Em função disso Vygotsky (1991) declara que é preciso estudar as múltiplas determinações que afetaram e foram afetadas pelo fenômeno e o tornou fossilizado, pois somente assim, será possível compreender o processo de mudança e como ele se constituiu. De acordo com Vygotsky:

estudar alguma coisa historicamente significa estudá-la no processo de mudança; esse é o requisito básico do método dialético. Numa pesquisa, abranger o processo de desenvolvimento de uma determinada coisa, em todas as suas fases e mudanças - do nascimento à morte - significa, fundamentalmente, descobrir sua natureza, sua essência, uma vez que "é somente em movimento que um corpo mostra o que é".

Assim, o estudo histórico do comportamento não é um aspecto auxiliar do estudo teórico, mas sim sua verdadeira base (VIGOTSKI, 1991, p. 46).

Pensando no objetivo desta pesquisa, a categoria historicidade nos permite apreender o movimento constitutivo da adolescência como um processo histórico no qual ela foi produzida.

Em termos lukacsianos, entendendo que este processo se dá num “complexo de complexos”.

Em outras palavras, é constitutivo e constituído pela totalidade.

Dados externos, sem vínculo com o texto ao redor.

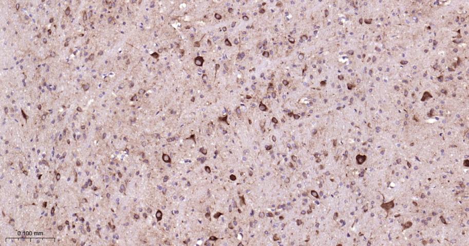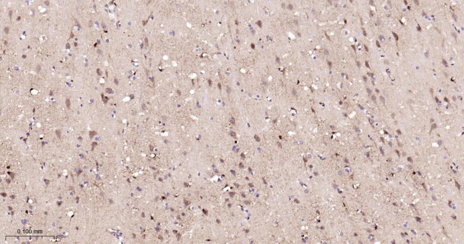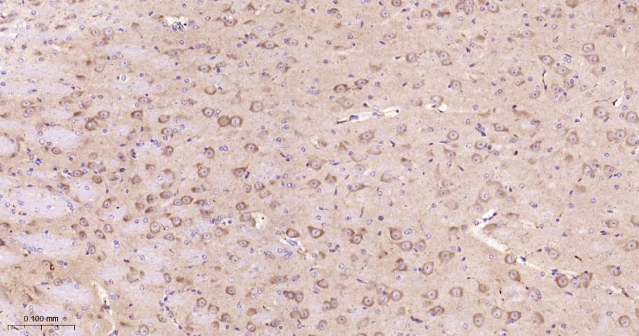 Paraformaldehyde-fixed, paraffin embedded Rat Cerebrum; Antigen retrieval by boiling in sodium citrate buffer (pH6.0) for 15 min; Antibody incubation with PSAP Monoclonal Antibody, Unconjugated(bsm-62251R) at 1:200 overnight at 4°C, followed by conjugation to the bs-0295G-HRP and DAB (C-0010) staining.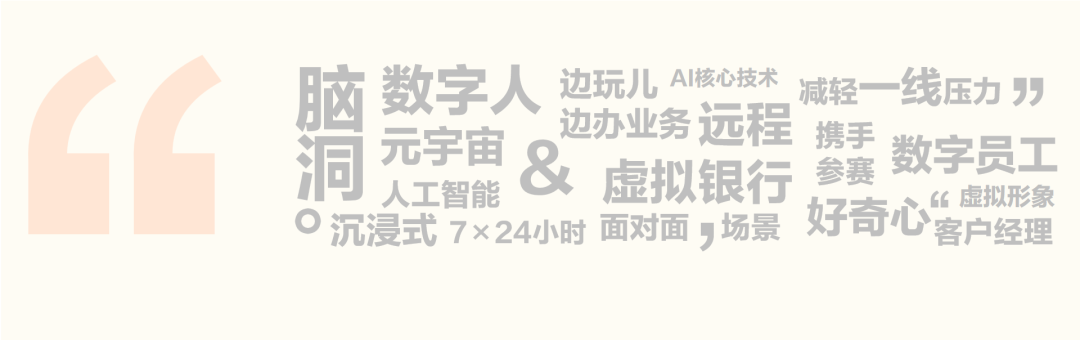 希望在未来建成远程虚拟银行——客户通过线上沉浸式场景,足不出户即可享受边玩儿边办业务的极致体验。
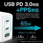 AC充電器 GaN(窒化ガリウム)採用 PD3.0 Type-C/Type-A対応 65W ホワイト ML-PDUS3PG65WH

No movimento existente entre totalidade e historicidade existem as mediações, pois, o Materialismo Histórico-Dialético reconhece o homem ao mesmo tempo como produto e sujeito das condições históricas e isso significa dizer que as mediações constituem os sujeitos, que por sua vez, também constituem as mediações. Há uma mútua constituição.

Partimos do pressuposto de que as relações sociais são constituídas pelas mediações e constituintes das mediações, em uma necessária articulação dialética. Nesse sentido, para atingir nosso objetivo que é estudar as significações dos jovens inseridos em uma escola pública estadual da cidade de São Paulo, sobre a escola e seu projeto de futuro, é necessário entender as mediações que os constituem.

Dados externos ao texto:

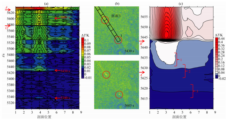 图 7 不同阶段沿上断层(剖面3)温度随时间的变化及热像图 (a)强偏离线性阶段-亚失稳阶段; (b)热像图及剖面位置示意; (c)亚失稳阶段-失稳阶段.图 7b红色箭头示意温度变化特殊位置, 图 7c红色括号及数字表示亚失稳阶段断层上三次阶梯式升温. Fig. 7 Temperature variations of profile along the fault (profile 3) in different stages and the thermal images with time (a) Strongly-deviation-from-linearity stage to meta-instability stage; (b) Thermal images and the sketch map of position of profile 3;(c) Meta-instability stage to instability stage. Red arrow show locations of special temperature changes in Fig.7a; red braces and numbers show three stepped temperature increase in the fault zones during stage of meta-instability in Fig.7c. |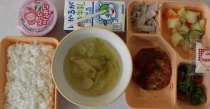 3月6日(月) 給食の献立は、とうふハンバーグ・ポテトサラダ・ハム・ブロッコリーの甘辛あえ・いちごのムース・ベーコンとキャベツのスープ・米飯・牛乳でした。【ポテトサラダにハムを混ぜて、マヨネーズをかけていただきました。】

A categoria mediação possibilita uma análise não dicotômica da realidade, permitindo, desse modo, uma explicitação da relação dialética que articula a relação parte/todo, totalidade/historicidade, objetividade/subjetividade, concreto/abstrato, indo para além da aparência. Contudo, como alertam Aguiar e Ozella (2013), essa categoria é o centro organizador dessa relação, na medida em que vai além da mera função de apenas ligar dois polos.

Isso nos permite afirmar que muito embora esses polos sejam diferentes, se constituem mutuamente numa relação dialética, evitando, como diz Oliveira (2005, apud AGUIAR, 2016, p. 264), “que se tome um com o outro de forma isolada quando, na verdade, são polos complementares de um mesmo processo”.

Neste estudo, a intenção é buscar a totalidade do fenômeno estudado, e isto se torna possível ao apreendermos algumas de suas mediações como (classe social, raça, política e gênero). Tal compreensão se faz por entendemos a adolescência como um fenômeno histórico-social e, portanto, contingente, ou seja, existe hoje, mas poderá não existir amanhã.

Considerando-se tal concepção acerca da adolescência, podemos afirmar que esse fenômeno não está presente em todas as culturas e, onde ele existe, não se constitui de maneira homogênea, como esclarece Lowy (1987, apud AGUIAR; OZELLA, 2016, p. 262) “que as consciências possíveis numa sociedade de classes não se situam no mesmo plano, sendo que um único fato poderá ser interpretado de formas diferentes, a partir de distintas compreensões da realidade”.

Ao fazermos uma síntese das mediações que constituem os sujeitos desta pesquisa estamos compondo sua totalidade, que por sua vez, não é o todo porque o todo não é possível de se apreender, dado que é movimento complexo de outros complexos. Todavia, a totalidade é a realidade possível de se observar; realidade essa que consideramos suficiente para apreender a gênese do fenômeno.